Using a key punch machine designed to originate the interchangeable core keys can eliminate these problems. The key punch machine vise jaw is designed specifically for interchangeable core keys. In addition, the cutter is specifically designed for the origination procedure, having the correct flat and fixed depths and spacing. Standard spacing for interchangeable cores is .150” cut-to-cut. Some security products have different spacing.
The following is a list of interchangeable core key punch machines:
- A1 Security Manufacturing PAK-1C handheld key punch machine
- A1 Security Manufacturing Mean Green Machine GP201-A2
- Best Combinator
- Pro-Lok BP201IC
- Rytan RY2000 A2
Before purchasing a punch machine, make sure the vise jaws are designed to secure the keyway you plan on originating keys. For example, the Pro-Lok BP201IC will originate keys for the A2 System using the A-R, TA-TE and W key blades. The A1Security Manufacturing PAK-1C, Pro-Lok BP201IC and the Rytan RY2000 IC punch machines can be modified to originate A3 and A4 system keys.
Many years ago, Best sold an older style punch machine for the A2, A3 and A4 systems. They were color-coded for easy identification. The A2 system punch machine is red. The A3 system punch machine is green. The A4 system punch machine is orange.
KEY BLANKS & DECODERS
IC key blanks are available from core producers and aftermarket key blank manufacturers. There are more than 30 known keyways manufactured for Best key systems. In addition, other manufacturers offer their own keyways. Depending upon the aftermarket key blank manufacturer, key blanks can be available in different configurations including the standard head and with “Do Not Duplicate” marked into the head. Note: The “Do Not duplicate” key blank marking is not legally binding in many parts of the world.

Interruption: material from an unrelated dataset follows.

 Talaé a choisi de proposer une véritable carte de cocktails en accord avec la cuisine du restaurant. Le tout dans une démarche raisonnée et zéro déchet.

Key decoders are metal plates with one or more reducing slot used to determine the depths of cut in a key. The key is inserted into the slot along one of the cuts flat. As the key slides, the slot becomes smaller, eventually indicating the depth of cut. Interchangeable core key decoders are available in different configurations. Some have only a single slot, while others have three slots for the A2, A3 and A4 Systems.
Once the cores have been installed, occasionally the control key is no longer available. This results in having to remove a core in order to determine the control key bitting.

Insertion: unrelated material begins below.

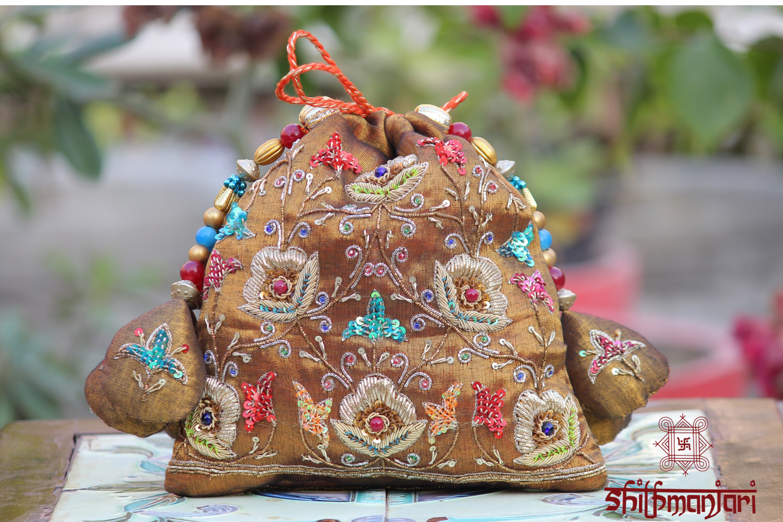 Lightweight yet durable, this ethnic clutch is not just stylish but also practical for everyday festive use. Whether you’re attending a wedding or looking to enhance your festive look, this potli bag is a must-have addition to your accessory collection.

A core can be removed several ways. Picking the core to the control shear line is a non-destructive method. However, using standard turning (tension) tools, there is no guarantee the core will be picked to the control shear line. Specialized turning tools that have one or more tabs can be used to pick to the control shear line. Each pin chamber in an interchangeable core has openings from the top to the bottom. Using a turning tool with a tab that extends into the lug sleeve puts turning pressure on the control shear line. To pick the control shear line, use clockwise turning pressure.
There are several manufacturers of interchangeable core turning tools. Peterson Manufacturing offers three styles of IC tension tools, the differences being the thickness of the tool and the keyways they will accommodate. The Type A Tension Tool is designed for the A, C, DD, M, TR, Q, and R keyways. The Type B Tension Tool is designed for the D, B, E, F, G, H, K, and N keyways. The Type C Tension Tool is designed for the wider keyways, such as the E style. Note: When using these tools, insert a wood toothpick into the bottom of the keyway behind the tool to affix the tool in place.
When the core is damaged and the control key will not remove the core, the question becomes: Do I drill the core or the housing? The destructive decision is determined by knowing what you need. If the core is malfunctioning, drill the core. If the housing is expensive, drill the core. To determine the control cuts, it is easier to drill the housing. When drilling the core, remember it is a one time operation.
Each IC lock manufacturer has its own pinning system. For locksmiths who service many different types of IC systems, it can be difficult to remember which pinning system to use.